In a coupling connection according to the invention with the coupling according to the invention and a first shaft with a first shaft axis inserted or inserted into its first shaft connection, the peripheral surface of the first shaft has at least one flattening along a tangent to a circular arc around the first shaft axis and along the shaft axis to which the first leaf spring of the first shaft connection at least partially applies under elastic bias. If this flattening of the first shaft is symmetrical to a mirror plane through which the main axis passes, and also the first leaf spring is arranged and formed mirror-symmetrically to this plane of symmetry with the shaft inserted, the maximum transferable torque with the inventive coupling connection is in both directions of rotation the main axis is the same size. In particular by the at least one flattening of the first shaft in the two directions of rotation around the first shaft axis with different pitches of the distance to the first shaft axis, but also different maximum torques in the two directions of rotation can be realized. Thus, the coupling connection according to the invention may be formed in the one direction of rotation for transmitting a torque at least twice as large as in the other direction of rotation. In this way, for example, a rotation stop for the second shaft can be approached in the one direction of rotation with a limited torque of the first shaft having drive, while for the Wiederengücken the second shaft of the rotation stop a larger torque can be transmitted. As previously discussed, a maximum radius of the first shaft in an end region may decrease toward a free axial end of the first shaft to facilitate insertion of the shaft into the first shaft port under elastic radial deflection of the first leaf spring.

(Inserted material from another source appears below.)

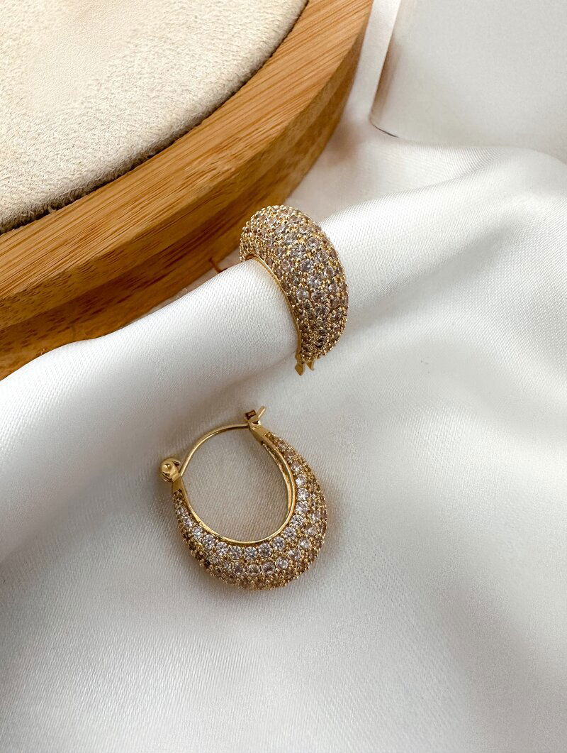 3. Brinco Folheado a Ouro 18k e Prata Argolinha com Fecho Cravejada

The coupling connection according to the invention can be designed in a simple manner so that the first shaft inserted into the first shaft connection is securely held in the axial direction of the main shaft in the first shaft connection, but is still detachable. If, for this purpose, the first flattening toward the free axial end of the first shaft is limited by a latching edge of increasing radius of the first shaft, wherein the first leaf spring engages behind this latching edge when inserting the first shaft into the first shaft connection, the leaf spring additionally serves as a latching element for the axial securing of the first shaft. In addition, the securing of the first shaft in the first shaft connection by the leaf spring by means of a relative rotation of the first shaft relative to the clutch, until the leaf spring outside the flat rests against the shaft and so no longer abuts the locking edge in the axial direction, can be solved again. Concretely, the locking edge can be formed by the first flattening is introduced into a cylindrical part of the shaft, with a distance from the end of the cylindrical part facing towards the free end of the shaft.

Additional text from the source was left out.